Misconfigured hybrid connectivity causes expensive, hard-to-debug problems. Routing asymmetry sends traffic one direction via Direct Connect and returns via internet, breaking connections. Insufficient bandwidth during peak hours causes application timeouts. Single points of failure leave enterprises without AWS access during circuit outages. Missing BGP configuration prevents automatic failover. This chapter covers Direct Connect and VPN from fundamentals to production patterns, including connection types, virtual interfaces, VPN tunnels, routing protocols, redundancy architectures, monitoring, troubleshooting, and cost optimization for building resilient hybrid networks.
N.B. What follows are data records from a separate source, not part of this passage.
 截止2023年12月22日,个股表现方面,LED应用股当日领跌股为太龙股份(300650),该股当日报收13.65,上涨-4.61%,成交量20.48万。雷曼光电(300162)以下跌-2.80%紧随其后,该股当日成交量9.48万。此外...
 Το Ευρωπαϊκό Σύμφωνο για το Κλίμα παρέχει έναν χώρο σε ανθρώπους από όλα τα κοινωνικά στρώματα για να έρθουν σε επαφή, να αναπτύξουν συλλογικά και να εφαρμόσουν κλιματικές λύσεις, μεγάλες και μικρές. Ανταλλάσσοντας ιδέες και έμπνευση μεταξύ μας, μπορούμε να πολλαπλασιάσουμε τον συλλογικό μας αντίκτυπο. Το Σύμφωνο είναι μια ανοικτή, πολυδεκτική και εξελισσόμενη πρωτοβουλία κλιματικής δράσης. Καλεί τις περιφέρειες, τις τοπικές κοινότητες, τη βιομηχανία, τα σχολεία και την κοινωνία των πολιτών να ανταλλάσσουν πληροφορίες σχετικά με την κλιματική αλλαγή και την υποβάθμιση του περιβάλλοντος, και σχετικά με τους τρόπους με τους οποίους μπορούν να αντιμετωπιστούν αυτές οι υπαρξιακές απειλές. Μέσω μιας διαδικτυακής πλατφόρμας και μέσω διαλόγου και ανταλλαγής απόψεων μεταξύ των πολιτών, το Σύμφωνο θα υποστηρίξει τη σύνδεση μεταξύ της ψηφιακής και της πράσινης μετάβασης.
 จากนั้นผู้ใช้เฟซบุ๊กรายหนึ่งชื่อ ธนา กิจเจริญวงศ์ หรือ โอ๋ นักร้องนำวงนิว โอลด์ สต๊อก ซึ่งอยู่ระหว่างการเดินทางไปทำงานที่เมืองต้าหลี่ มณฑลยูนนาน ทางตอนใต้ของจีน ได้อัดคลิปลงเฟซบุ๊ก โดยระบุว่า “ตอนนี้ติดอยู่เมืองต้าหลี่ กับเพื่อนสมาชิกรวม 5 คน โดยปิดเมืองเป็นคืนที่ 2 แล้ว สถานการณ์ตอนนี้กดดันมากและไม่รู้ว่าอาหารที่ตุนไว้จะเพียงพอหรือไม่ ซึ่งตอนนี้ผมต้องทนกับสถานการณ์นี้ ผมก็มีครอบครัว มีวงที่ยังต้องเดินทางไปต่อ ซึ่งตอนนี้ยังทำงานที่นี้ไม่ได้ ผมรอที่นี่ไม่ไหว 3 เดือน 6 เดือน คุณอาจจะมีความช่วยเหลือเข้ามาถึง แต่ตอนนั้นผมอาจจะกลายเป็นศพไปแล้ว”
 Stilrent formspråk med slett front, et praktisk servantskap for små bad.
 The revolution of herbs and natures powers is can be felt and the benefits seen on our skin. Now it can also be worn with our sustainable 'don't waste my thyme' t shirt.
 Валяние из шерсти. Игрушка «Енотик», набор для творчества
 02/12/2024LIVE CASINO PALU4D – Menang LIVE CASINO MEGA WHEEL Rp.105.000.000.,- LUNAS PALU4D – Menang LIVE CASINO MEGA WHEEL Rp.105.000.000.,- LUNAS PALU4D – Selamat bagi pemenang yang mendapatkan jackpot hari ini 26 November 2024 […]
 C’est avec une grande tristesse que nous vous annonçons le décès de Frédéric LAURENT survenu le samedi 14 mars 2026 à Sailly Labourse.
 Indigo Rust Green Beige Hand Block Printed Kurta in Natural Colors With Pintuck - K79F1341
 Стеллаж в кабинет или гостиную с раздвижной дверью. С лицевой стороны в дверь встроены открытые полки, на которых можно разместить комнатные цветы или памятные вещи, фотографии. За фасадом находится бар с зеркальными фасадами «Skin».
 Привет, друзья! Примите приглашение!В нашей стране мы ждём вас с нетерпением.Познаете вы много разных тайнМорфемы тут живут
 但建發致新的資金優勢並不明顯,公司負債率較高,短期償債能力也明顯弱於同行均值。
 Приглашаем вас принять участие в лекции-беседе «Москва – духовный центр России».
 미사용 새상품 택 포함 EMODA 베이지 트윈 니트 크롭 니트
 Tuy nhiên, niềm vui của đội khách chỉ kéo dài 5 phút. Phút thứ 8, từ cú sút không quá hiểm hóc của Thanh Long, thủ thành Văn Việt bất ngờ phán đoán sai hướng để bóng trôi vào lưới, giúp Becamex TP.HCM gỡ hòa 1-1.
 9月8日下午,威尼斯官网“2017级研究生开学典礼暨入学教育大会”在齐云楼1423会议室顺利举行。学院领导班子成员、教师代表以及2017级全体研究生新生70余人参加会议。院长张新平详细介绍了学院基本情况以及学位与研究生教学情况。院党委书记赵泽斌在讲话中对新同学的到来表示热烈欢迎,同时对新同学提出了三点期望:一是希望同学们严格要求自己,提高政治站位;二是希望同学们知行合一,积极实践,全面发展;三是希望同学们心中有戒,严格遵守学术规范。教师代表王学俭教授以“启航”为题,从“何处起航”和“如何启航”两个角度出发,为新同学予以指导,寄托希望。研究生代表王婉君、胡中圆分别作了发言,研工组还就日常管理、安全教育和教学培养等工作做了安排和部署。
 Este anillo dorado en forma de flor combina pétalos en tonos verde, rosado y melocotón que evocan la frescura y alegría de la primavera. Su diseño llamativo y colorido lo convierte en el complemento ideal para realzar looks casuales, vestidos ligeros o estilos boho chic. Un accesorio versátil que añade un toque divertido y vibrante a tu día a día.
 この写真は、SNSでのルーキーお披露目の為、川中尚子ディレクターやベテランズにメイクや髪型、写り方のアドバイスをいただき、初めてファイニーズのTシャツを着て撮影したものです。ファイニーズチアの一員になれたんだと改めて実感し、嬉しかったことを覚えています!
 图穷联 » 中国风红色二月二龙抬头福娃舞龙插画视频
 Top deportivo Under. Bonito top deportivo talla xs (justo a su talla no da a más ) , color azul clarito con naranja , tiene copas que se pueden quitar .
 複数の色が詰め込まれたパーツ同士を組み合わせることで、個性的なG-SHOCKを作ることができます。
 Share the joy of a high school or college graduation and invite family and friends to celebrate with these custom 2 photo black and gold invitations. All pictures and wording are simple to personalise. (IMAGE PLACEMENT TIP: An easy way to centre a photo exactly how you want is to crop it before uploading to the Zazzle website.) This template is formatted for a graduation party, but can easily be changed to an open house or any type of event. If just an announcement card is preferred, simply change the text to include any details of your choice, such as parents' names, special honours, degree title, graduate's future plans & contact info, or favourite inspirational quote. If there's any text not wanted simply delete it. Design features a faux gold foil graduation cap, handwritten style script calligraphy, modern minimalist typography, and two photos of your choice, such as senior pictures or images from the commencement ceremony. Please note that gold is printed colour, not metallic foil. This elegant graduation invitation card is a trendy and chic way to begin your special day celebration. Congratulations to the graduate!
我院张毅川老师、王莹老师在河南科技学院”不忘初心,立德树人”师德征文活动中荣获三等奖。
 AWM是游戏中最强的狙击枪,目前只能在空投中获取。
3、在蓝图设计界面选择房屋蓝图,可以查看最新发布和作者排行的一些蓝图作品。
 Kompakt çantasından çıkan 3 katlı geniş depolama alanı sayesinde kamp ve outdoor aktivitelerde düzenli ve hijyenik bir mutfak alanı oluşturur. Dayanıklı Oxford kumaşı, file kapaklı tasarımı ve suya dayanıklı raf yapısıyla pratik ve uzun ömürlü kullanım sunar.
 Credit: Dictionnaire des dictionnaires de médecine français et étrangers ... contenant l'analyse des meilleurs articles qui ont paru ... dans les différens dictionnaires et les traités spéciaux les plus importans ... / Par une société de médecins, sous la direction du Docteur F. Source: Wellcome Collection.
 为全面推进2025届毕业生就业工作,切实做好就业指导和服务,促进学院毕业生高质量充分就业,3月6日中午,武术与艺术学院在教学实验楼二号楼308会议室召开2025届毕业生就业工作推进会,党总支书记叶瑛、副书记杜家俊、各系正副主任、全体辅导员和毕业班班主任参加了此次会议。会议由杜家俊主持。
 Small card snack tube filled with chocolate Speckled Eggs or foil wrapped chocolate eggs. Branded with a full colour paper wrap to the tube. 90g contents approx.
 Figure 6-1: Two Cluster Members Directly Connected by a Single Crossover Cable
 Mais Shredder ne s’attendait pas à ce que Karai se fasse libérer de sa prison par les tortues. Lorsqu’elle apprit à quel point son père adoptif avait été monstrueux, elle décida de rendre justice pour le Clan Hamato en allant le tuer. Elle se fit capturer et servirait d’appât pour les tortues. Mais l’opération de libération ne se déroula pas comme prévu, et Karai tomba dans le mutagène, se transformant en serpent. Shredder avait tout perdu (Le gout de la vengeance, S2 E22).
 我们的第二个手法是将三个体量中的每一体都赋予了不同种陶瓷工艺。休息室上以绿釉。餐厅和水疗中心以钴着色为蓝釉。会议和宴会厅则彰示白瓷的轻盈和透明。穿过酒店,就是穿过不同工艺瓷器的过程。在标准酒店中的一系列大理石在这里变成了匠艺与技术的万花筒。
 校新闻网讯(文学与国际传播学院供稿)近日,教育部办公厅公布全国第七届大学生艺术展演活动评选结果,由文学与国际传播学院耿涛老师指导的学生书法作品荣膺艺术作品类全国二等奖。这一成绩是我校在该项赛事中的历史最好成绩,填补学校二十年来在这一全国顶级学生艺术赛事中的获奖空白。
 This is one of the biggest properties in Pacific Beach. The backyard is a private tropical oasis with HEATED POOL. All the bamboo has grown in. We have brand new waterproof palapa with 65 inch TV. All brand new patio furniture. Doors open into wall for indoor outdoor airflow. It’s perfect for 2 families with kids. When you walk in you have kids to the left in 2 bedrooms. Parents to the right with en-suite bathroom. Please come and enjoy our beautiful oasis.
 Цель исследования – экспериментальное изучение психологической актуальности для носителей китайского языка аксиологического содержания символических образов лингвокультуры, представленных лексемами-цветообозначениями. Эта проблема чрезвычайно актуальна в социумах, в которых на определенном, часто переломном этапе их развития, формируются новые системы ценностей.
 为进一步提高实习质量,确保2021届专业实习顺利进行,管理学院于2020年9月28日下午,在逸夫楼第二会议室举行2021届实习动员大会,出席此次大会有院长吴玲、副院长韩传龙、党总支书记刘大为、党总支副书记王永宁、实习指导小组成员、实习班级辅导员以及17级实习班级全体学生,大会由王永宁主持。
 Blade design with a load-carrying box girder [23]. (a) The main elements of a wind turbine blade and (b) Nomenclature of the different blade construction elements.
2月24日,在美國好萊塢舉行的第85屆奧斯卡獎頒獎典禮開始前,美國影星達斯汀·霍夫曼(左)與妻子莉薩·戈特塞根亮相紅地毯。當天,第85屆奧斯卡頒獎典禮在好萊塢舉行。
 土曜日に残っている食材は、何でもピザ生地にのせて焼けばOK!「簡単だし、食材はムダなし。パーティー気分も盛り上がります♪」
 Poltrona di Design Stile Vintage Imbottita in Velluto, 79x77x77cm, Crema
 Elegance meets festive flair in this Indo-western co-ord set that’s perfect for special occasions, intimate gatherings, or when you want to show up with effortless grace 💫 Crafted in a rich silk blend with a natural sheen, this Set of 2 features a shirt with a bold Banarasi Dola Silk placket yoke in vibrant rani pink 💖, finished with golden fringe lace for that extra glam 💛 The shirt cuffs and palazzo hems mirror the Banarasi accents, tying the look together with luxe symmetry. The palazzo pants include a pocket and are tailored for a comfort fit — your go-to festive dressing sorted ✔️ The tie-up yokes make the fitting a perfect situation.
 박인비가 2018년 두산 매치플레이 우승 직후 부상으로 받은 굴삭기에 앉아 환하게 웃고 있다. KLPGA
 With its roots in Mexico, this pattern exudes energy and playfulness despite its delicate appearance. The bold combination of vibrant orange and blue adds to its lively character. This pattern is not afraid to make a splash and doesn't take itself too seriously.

Connectivity Options Comparison:
Modern enterprises need multiple paths between on-premises infrastructure and AWS:
Internet Gateway (Public Internet):
Characteristics:
- Variable bandwidth (ISP dependent)
- Variable latency (30-200ms typically)
- Shared infrastructure
- No bandwidth guarantees
- Unpredictable performance
Pros:
✓ Instant availability
✓ No additional AWS costs
✓ Simple setup
✓ Good for initial testing
Cons:
✗ No performance guarantees
✗ Higher latency variability
✗ Security concerns (public internet)
✗ Bandwidth contention
✗ Higher data transfer costs
Use Cases:
- Initial AWS migration
- Low-bandwidth applications
- Development/testing
- Backup connectivity
AWS Site-to-Site VPN:
Characteristics:
- Encrypted IPsec tunnels
- Over public internet
- Up to 1.25 Gbps per tunnel (4 tunnels = 5 Gbps theoretical)
- Latency: Internet latency + encryption overhead
- Quick setup (minutes to hours)
Pros:
✓ Fast deployment (<1 hour)
✓ Encrypted by default
✓ Cost-effective ($0.05/hour + data transfer)
✓ Flexible routing (BGP support)
✓ Good for moderate bandwidth
Cons:
✗ Performance depends on internet quality
✗ Limited bandwidth vs Direct Connect
✗ Encryption overhead
✗ Latency variability
Use Cases:
- Quick hybrid connectivity
- Backup to Direct Connect
- Small to medium data transfers
- Encrypted communication required
- Branch office connectivity
AWS Direct Connect:
Characteristics:
- Dedicated physical connection
- Private connection (not over internet)
- 1 Gbps, 10 Gbps, 100 Gbps options
- Consistent low latency (1-5ms typical)
- Predictable bandwidth
Pros:
✓ Consistent performance
✓ Lower latency
✓ Higher bandwidth
✓ Reduced data transfer costs
✓ Private connection
✓ More predictable than internet
Cons:
✗ Expensive setup ($0.30/hour for 1Gbps port + data)
✗ Long provisioning time (weeks to months)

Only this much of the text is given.